» THE TASK:
Repeat each record exactly, skipping the pictures.

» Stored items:
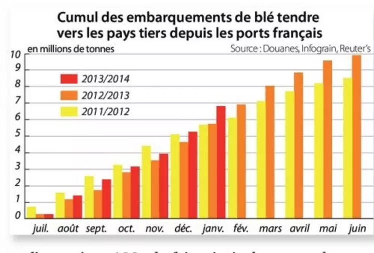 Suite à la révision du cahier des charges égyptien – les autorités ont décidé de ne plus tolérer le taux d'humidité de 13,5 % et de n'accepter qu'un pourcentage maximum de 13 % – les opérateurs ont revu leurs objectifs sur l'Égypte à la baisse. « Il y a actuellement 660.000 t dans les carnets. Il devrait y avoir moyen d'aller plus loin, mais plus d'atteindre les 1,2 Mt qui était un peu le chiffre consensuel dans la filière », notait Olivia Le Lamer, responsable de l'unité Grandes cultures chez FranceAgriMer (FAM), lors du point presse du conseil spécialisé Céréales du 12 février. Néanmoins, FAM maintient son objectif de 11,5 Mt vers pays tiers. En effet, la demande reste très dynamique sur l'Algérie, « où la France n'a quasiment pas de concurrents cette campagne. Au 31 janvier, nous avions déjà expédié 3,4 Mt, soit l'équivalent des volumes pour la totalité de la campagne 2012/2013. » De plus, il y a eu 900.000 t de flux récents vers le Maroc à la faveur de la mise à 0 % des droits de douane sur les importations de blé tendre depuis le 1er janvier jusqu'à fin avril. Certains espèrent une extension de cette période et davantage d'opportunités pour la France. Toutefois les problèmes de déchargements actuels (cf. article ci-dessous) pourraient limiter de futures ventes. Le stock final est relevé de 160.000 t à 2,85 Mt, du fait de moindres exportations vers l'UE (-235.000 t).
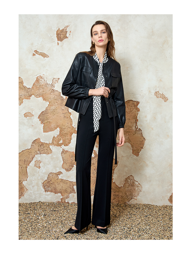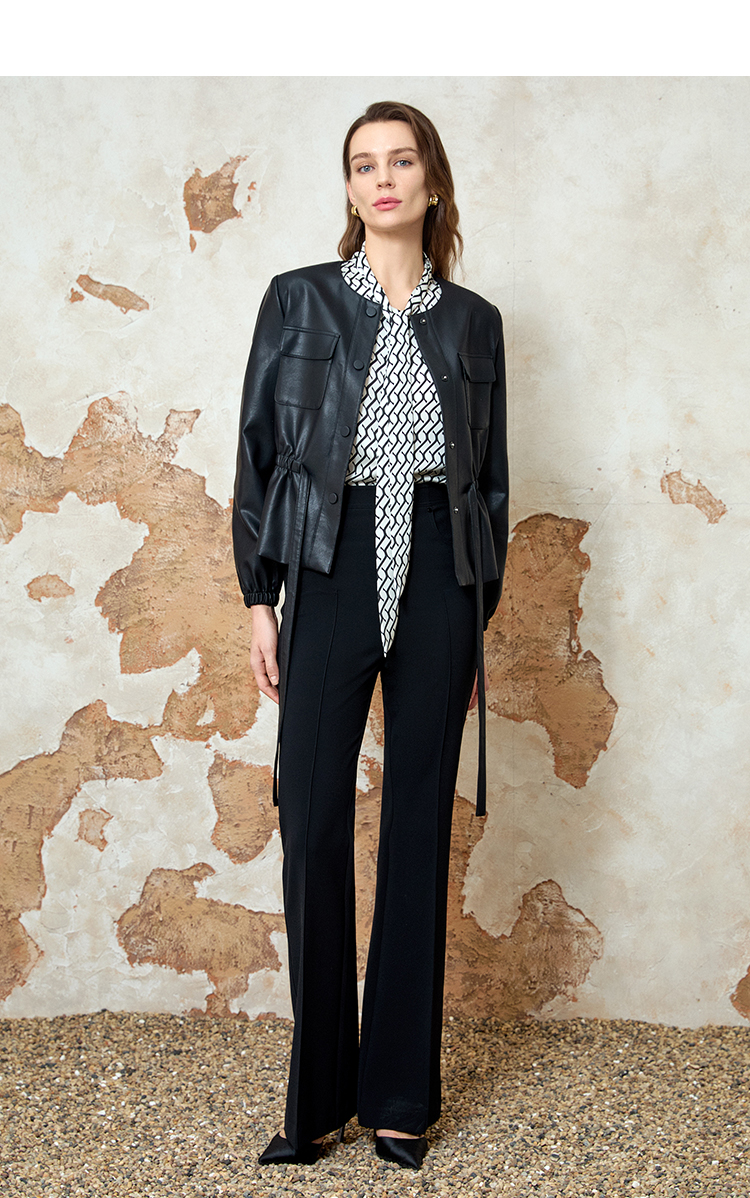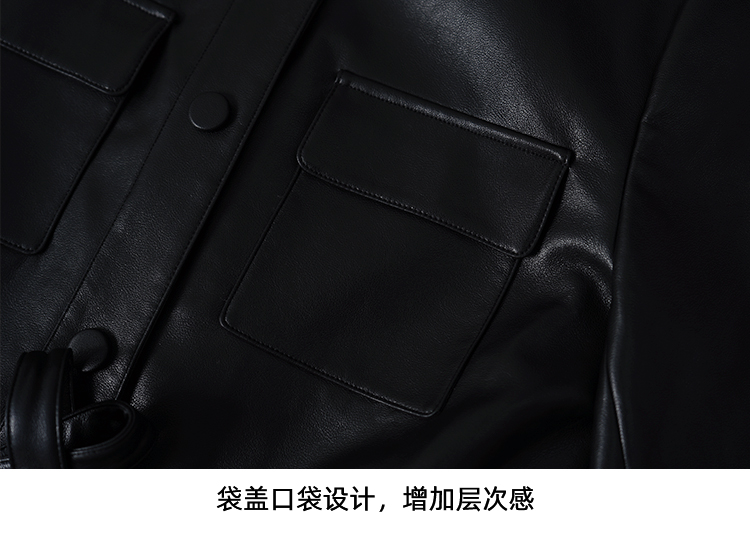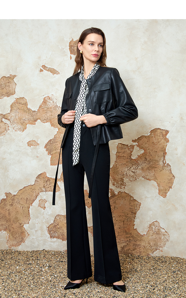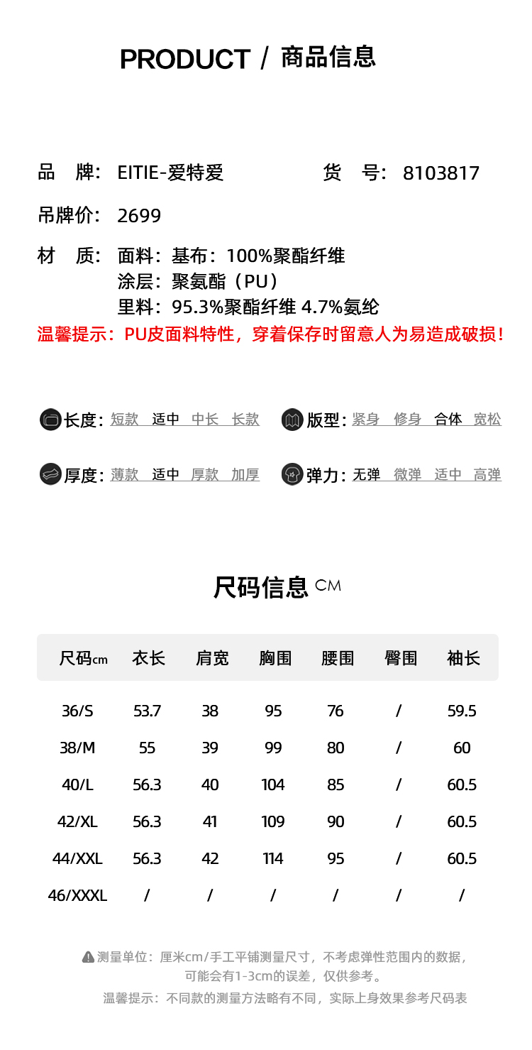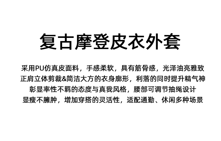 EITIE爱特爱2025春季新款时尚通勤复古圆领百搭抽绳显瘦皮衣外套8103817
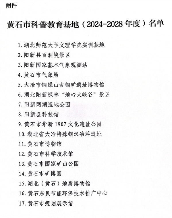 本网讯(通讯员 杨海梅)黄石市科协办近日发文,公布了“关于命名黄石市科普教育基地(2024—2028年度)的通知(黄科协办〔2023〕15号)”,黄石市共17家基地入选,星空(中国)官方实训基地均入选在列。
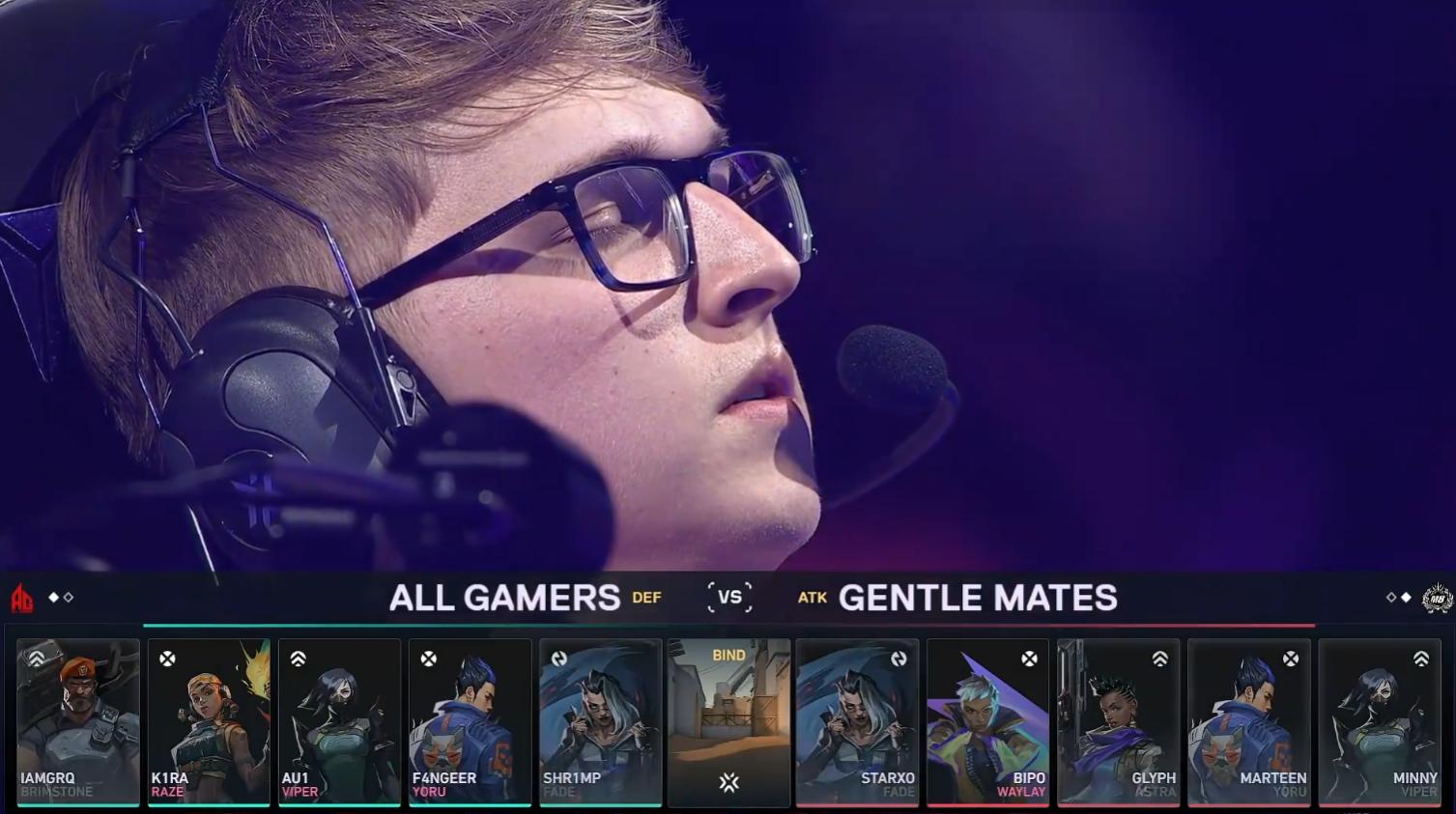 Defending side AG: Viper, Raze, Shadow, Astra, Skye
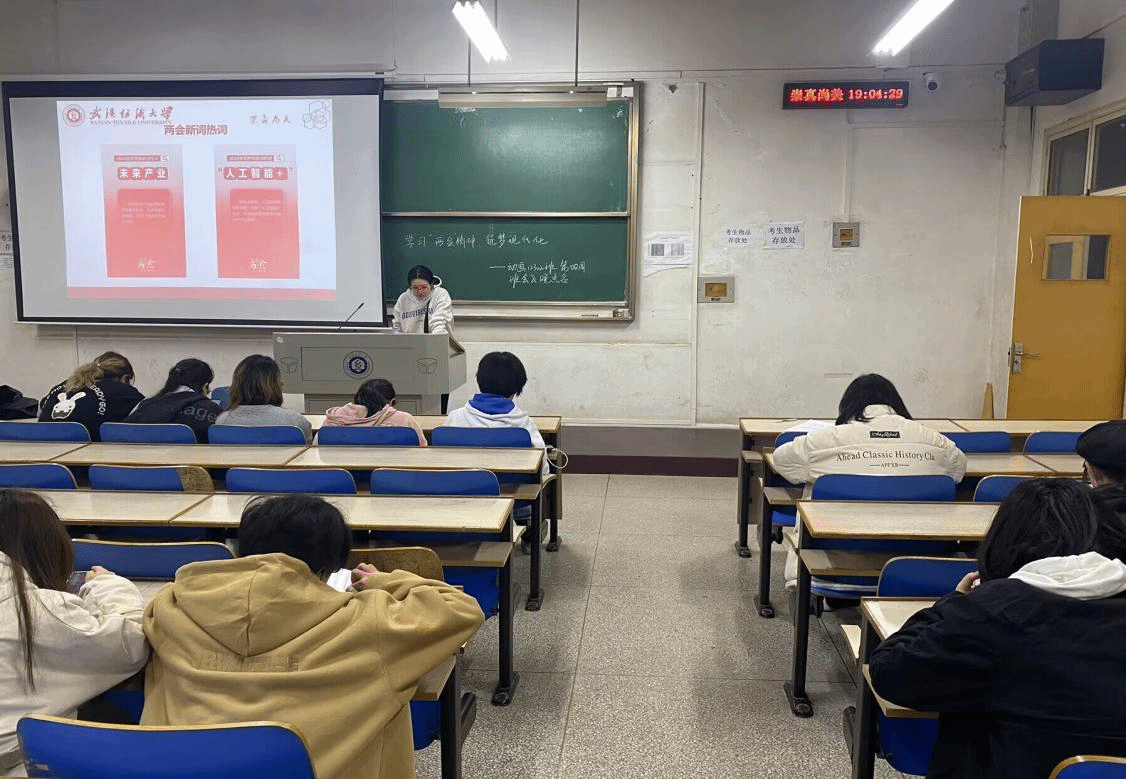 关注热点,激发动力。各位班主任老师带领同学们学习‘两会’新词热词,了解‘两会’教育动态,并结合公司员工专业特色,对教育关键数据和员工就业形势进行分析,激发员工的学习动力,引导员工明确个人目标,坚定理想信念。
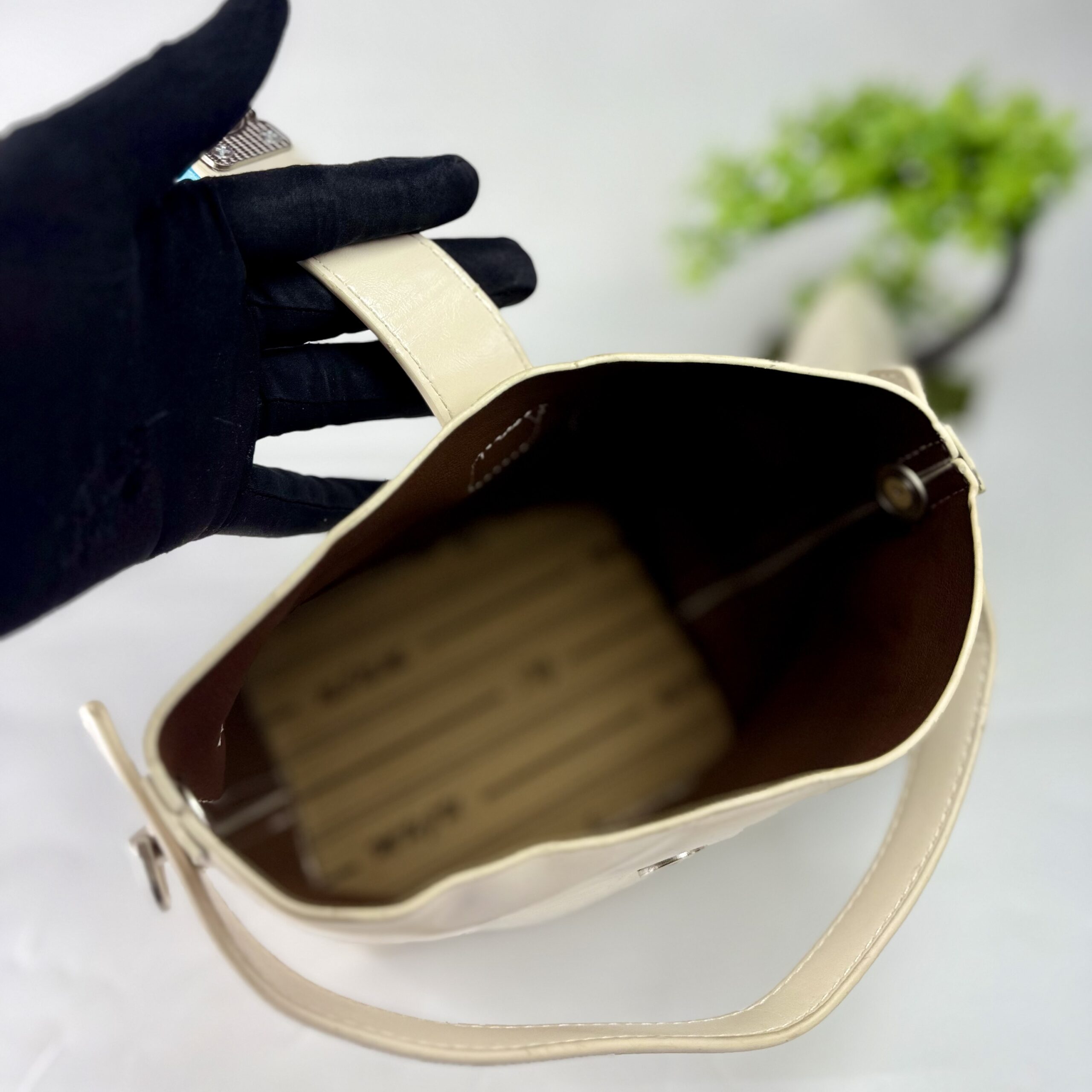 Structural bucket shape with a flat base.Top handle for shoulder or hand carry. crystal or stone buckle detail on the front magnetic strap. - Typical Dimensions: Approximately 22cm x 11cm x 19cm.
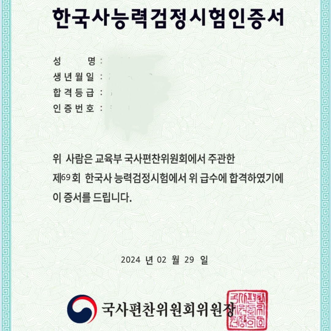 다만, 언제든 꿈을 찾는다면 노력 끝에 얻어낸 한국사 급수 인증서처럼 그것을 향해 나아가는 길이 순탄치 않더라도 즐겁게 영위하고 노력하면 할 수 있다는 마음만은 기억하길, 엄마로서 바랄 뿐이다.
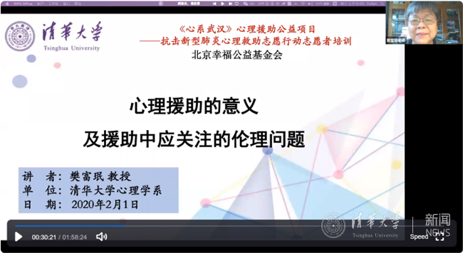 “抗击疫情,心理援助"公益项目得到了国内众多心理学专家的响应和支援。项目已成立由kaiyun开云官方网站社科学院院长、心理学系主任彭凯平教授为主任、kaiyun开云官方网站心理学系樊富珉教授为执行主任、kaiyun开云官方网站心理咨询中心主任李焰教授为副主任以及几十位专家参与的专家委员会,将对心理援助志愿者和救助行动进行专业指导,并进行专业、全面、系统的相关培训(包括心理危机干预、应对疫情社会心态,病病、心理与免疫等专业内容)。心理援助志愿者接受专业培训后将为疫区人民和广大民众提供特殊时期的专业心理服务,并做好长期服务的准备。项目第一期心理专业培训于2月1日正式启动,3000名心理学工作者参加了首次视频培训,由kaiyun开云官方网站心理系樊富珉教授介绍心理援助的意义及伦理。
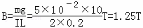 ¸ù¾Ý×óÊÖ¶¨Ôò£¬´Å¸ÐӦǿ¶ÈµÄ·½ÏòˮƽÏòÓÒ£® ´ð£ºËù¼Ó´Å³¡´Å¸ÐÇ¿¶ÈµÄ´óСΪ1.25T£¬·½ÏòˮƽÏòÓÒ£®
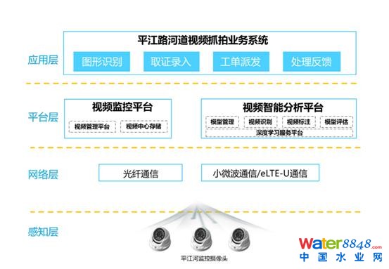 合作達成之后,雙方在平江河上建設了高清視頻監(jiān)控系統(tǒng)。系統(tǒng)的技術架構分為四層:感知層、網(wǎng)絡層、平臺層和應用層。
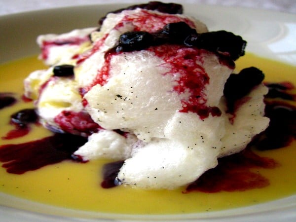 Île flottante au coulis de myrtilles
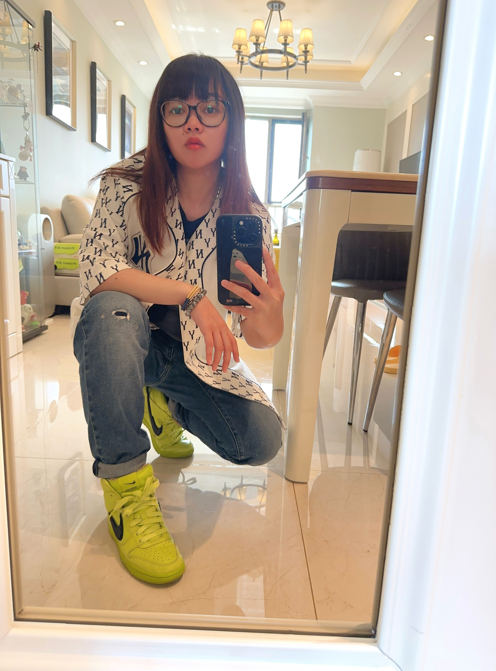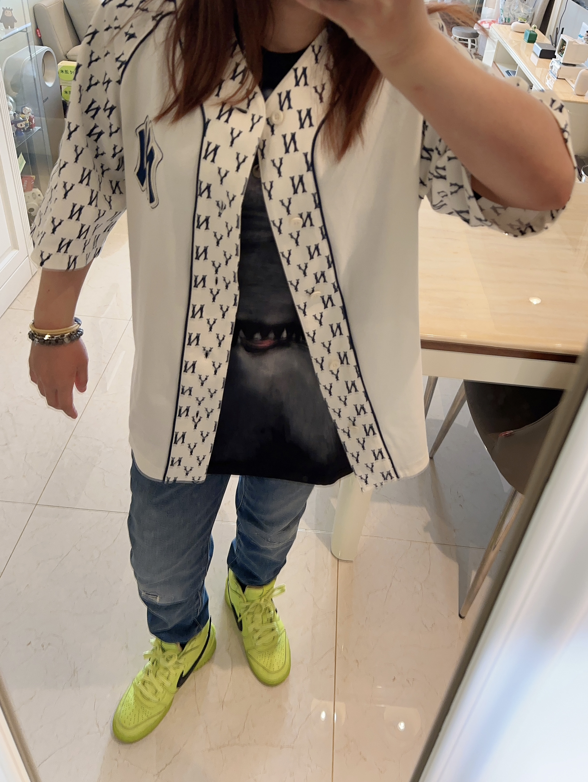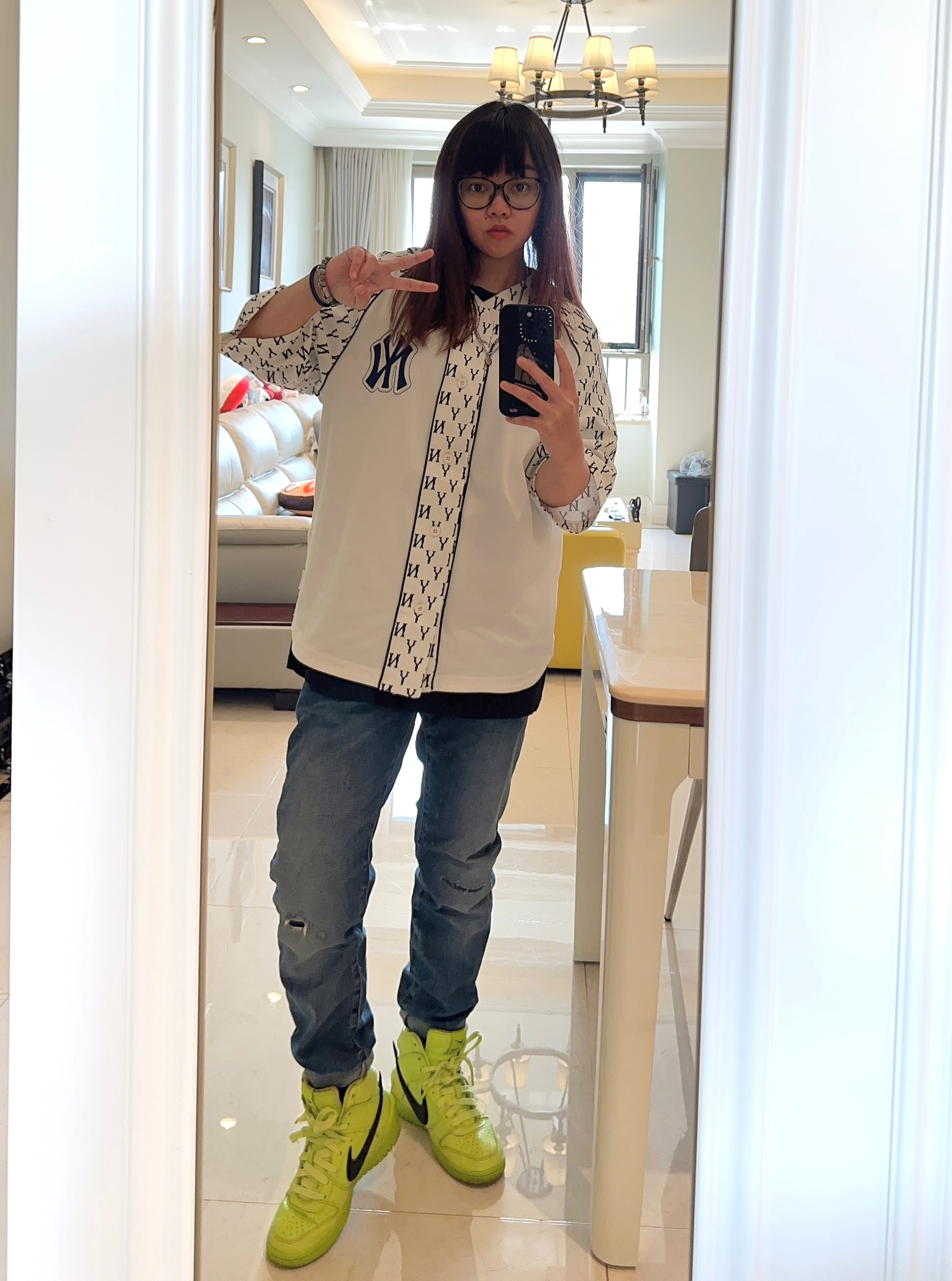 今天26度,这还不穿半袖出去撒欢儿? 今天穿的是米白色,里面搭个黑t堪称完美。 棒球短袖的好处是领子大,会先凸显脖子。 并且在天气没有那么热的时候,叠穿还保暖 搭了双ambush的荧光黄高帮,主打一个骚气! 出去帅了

» RESPONSE TO THIS TASK:
 Suite à la révision du cahier des charges égyptien – les autorités ont décidé de ne plus tolérer le taux d'humidité de 13,5 % et de n'accepter qu'un pourcentage maximum de 13 % – les opérateurs ont revu leurs objectifs sur l'Égypte à la baisse. « Il y a actuellement 660.000 t dans les carnets. Il devrait y avoir moyen d'aller plus loin, mais plus d'atteindre les 1,2 Mt qui était un peu le chiffre consensuel dans la filière », notait Olivia Le Lamer, responsable de l'unité Grandes cultures chez FranceAgriMer (FAM), lors du point presse du conseil spécialisé Céréales du 12 février. Néanmoins, FAM maintient son objectif de 11,5 Mt vers pays tiers. En effet, la demande reste très dynamique sur l'Algérie, « où la France n'a quasiment pas de concurrents cette campagne. Au 31 janvier, nous avions déjà expédié 3,4 Mt, soit l'équivalent des volumes pour la totalité de la campagne 2012/2013. » De plus, il y a eu 900.000 t de flux récents vers le Maroc à la faveur de la mise à 0 % des droits de douane sur les importations de blé tendre depuis le 1er janvier jusqu'à fin avril. Certains espèrent une extension de cette période et davantage d'opportunités pour la France. Toutefois les problèmes de déchargements actuels (cf. article ci-dessous) pourraient limiter de futures ventes. Le stock final est relevé de 160.000 t à 2,85 Mt, du fait de moindres exportations vers l'UE (-235.000 t).
 EITIE爱特爱2025春季新款时尚通勤复古圆领百搭抽绳显瘦皮衣外套8103817
 本网讯(通讯员 杨海梅)黄石市科协办近日发文,公布了“关于命名黄石市科普教育基地(2024—2028年度)的通知(黄科协办〔2023〕15号)”,黄石市共17家基地入选,星空(中国)官方实训基地均入选在列。
 Defending side AG: Viper, Raze, Shadow, Astra, Skye
 关注热点,激发动力。各位班主任老师带领同学们学习‘两会’新词热词,了解‘两会’教育动态,并结合公司员工专业特色,对教育关键数据和员工就业形势进行分析,激发员工的学习动力,引导员工明确个人目标,坚定理想信念。
 Structural bucket shape with a flat base.Top handle for shoulder or hand carry. crystal or stone buckle detail on the front magnetic strap. - Typical Dimensions: Approximately 22cm x 11cm x 19cm.
 다만, 언제든 꿈을 찾는다면 노력 끝에 얻어낸 한국사 급수 인증서처럼 그것을 향해 나아가는 길이 순탄치 않더라도 즐겁게 영위하고 노력하면 할 수 있다는 마음만은 기억하길, 엄마로서 바랄 뿐이다.
 “抗击疫情,心理援助"公益项目得到了国内众多心理学专家的响应和支援。项目已成立由kaiyun开云官方网站社科学院院长、心理学系主任彭凯平教授为主任、kaiyun开云官方网站心理学系樊富珉教授为执行主任、kaiyun开云官方网站心理咨询中心主任李焰教授为副主任以及几十位专家参与的专家委员会,将对心理援助志愿者和救助行动进行专业指导,并进行专业、全面、系统的相关培训(包括心理危机干预、应对疫情社会心态,病病、心理与免疫等专业内容)。心理援助志愿者接受专业培训后将为疫区人民和广大民众提供特殊时期的专业心理服务,并做好长期服务的准备。项目第一期心理专业培训于2月1日正式启动,3000名心理学工作者参加了首次视频培训,由kaiyun开云官方网站心理系樊富珉教授介绍心理援助的意义及伦理。
 ¸ù¾Ý×óÊÖ¶¨Ôò£¬´Å¸ÐӦǿ¶ÈµÄ·½ÏòˮƽÏòÓÒ£® ´ð£ºËù¼Ó´Å³¡´Å¸ÐÇ¿¶ÈµÄ´óСΪ1.25T£¬·½ÏòˮƽÏòÓÒ£®
 合作達成之后,雙方在平江河上建設了高清視頻監(jiān)控系統(tǒng)。系統(tǒng)的技術架構分為四層:感知層、網(wǎng)絡層、平臺層和應用層。
 Île flottante au coulis de myrtilles
 今天26度,这还不穿半袖出去撒欢儿? 今天穿的是米白色,里面搭个黑t堪称完美。 棒球短袖的好处是领子大,会先凸显脖子。 并且在天气没有那么热的时候,叠穿还保暖 搭了双ambush的荧光黄高帮,主打一个骚气! 出去帅了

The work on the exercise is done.